Breathe in and out. Slow. Just like Miriam taught you. No, Louella doesn't give up easy. The pressure in her chest went away.
Miriam had a key, but she didn't live there anymore. Louella looked at the apartment window on the second floor where Miriam had lived and saw the kitchen light turn on. Could it be?
She moved as quickly as she could up the stairs and banged on the door.
"What's going on out here?" a familiar voice asked as the door opened.
"Miriam!"
"I know who I am." She grinned, her dark face alive. "Now, what's all the fuss about?"
"I left my key on the bus and ..."
"I'll bet you haven't eaten either. Canned tuna and apples are about all I've got right now, though. Moved back in late this afternoon. Unfortunately, I will only be able to stay for a few days.
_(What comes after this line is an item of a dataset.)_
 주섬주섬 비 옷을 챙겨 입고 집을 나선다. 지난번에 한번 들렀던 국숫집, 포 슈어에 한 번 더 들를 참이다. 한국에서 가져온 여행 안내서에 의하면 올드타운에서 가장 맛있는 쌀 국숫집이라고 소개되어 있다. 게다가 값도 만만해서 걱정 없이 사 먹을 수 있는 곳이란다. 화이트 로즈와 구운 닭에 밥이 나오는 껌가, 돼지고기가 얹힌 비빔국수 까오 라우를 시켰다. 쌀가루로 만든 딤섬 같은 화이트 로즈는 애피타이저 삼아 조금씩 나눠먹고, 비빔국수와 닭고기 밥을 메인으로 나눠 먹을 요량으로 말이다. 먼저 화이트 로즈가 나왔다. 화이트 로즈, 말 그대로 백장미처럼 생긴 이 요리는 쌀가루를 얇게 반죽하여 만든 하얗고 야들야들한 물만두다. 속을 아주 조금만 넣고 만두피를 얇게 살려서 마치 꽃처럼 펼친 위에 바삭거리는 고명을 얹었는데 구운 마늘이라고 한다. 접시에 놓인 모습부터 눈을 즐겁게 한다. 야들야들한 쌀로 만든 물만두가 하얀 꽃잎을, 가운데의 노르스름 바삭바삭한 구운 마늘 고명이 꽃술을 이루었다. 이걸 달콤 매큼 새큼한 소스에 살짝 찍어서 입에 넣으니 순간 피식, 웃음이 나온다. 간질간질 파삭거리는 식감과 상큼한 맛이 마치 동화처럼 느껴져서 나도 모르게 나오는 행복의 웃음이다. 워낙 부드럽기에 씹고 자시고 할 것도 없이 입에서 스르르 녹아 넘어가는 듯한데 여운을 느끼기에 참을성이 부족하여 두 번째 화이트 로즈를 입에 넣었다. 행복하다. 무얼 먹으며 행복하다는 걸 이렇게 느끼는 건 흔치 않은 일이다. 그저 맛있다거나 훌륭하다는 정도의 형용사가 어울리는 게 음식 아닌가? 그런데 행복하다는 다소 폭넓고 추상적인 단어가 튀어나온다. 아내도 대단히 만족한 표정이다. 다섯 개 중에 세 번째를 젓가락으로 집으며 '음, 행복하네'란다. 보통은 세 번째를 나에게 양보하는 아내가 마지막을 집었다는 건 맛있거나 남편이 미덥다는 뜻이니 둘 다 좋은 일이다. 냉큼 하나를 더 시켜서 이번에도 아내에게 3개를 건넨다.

Next week when the rent is due a new renter will move in. Now there is something I didn't consider. You should have heard my son fuss when he heard about it. He was unhappy enough about bringing me back."
"Didn't things work out?"
"My big boy has been manager too long. He's a bit bossy. His wife dusts doorknobs twice a day and makes me as nervous as she is. The kids fight more than caged territorial animals."
"You could move in with me. Sell some of the furniture. Heck, we could share rent. It'd be a little crowded for a while, but ..."
Miriam grabbed Louella's arm and laughed until she snorted. "Well, my dear friend, we should have come up with that idea years ago. How super-smart of you. Come on in and we'll tell my son."
Louella lifted her chin and pulled her flowered shirt back into place. If Miriam says I'm smart, I've got to be, she thought. Heck, nobody's smarter than Miriam.